Low Vitamin B Status Prevalent In Alzheimer Patients

06/04/2002 By Anne MacLennan

Whether elevated plasma homocysteine or low vitamin B6 status directly influences pathogenesis or progression of Alzheimer disease remains to be discovered.

 However, it does now appear that elevated plasma homocysteine in patients with Alzheimer disease (AD) is related to vascular disease and not to AD pathology.

Furthermore, low vitamin B6 status is prevalent in patients with AD, suggests this study from the Departments of Medical Pathology and of Neurology, University of California, Davis, School of Medicine, Sacramento, California, United States. Cerebrovascular disease is known to be a cause of dementia and is also associated with elevated plasma levels of homocysteine; unexplained elevations of homocysteine concentrations occur in AD versus healthy control subjects. Until now, vitamin B6 status, one potential determinant of plasma homocysteine, has not been characterized in AD patients.

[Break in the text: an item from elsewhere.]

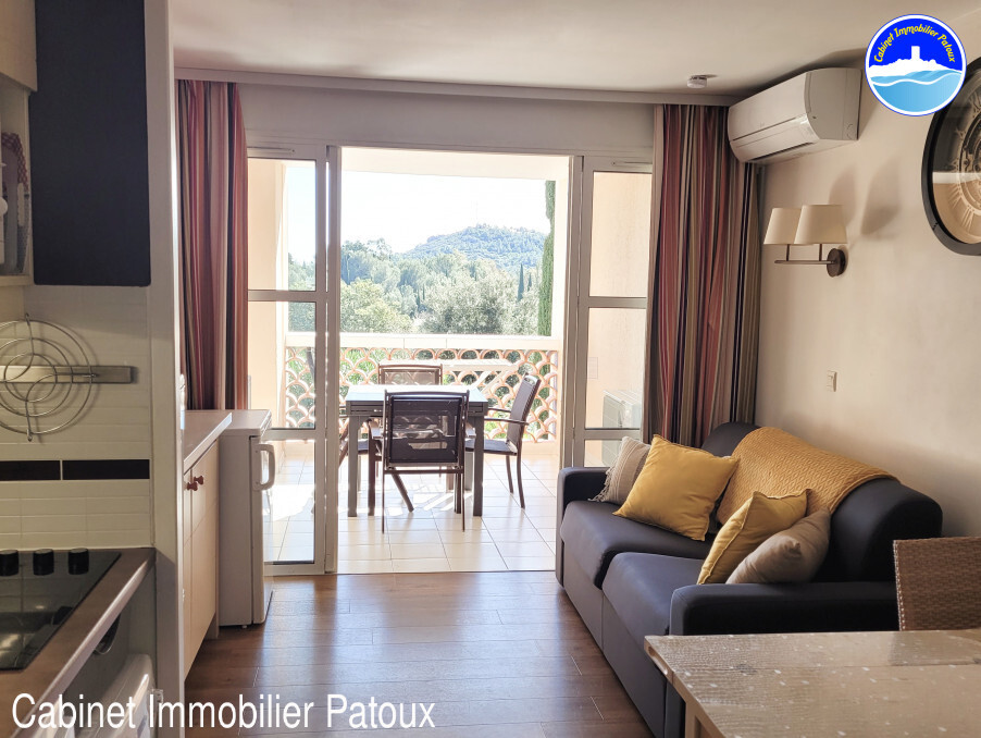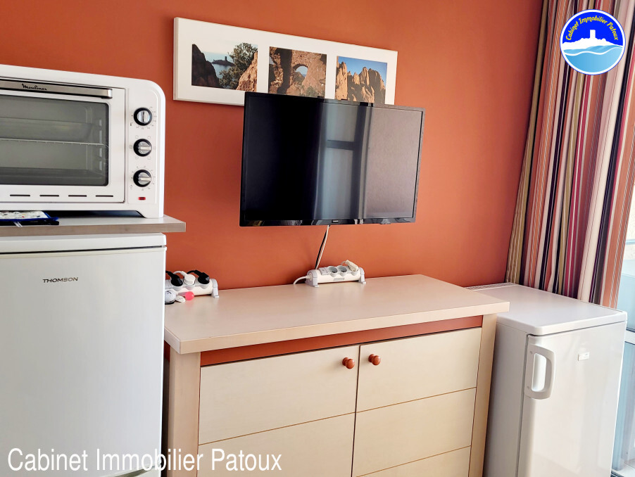 Salle de séjour climatisé avec un canapé lit neuf en 140 cm, une table avec 4 chaises, un meuble de rangement, une TV murale et un grand placard penderie.

Against this backdrop, J. W. Miller and colleagues investigated plasma homocysteine, vitamin B6 status and occurrence of vascular disease in patients with AD.

Forty-three AD patients and 37 controls without AD were studied for homocysteine, B vitamin status (folate, vitamin B12, pyridoxal-5′-phosphate [PLP]), kidney function

(creatinine) and thyroid function (thyroid-stimulating hormone, thyroxin).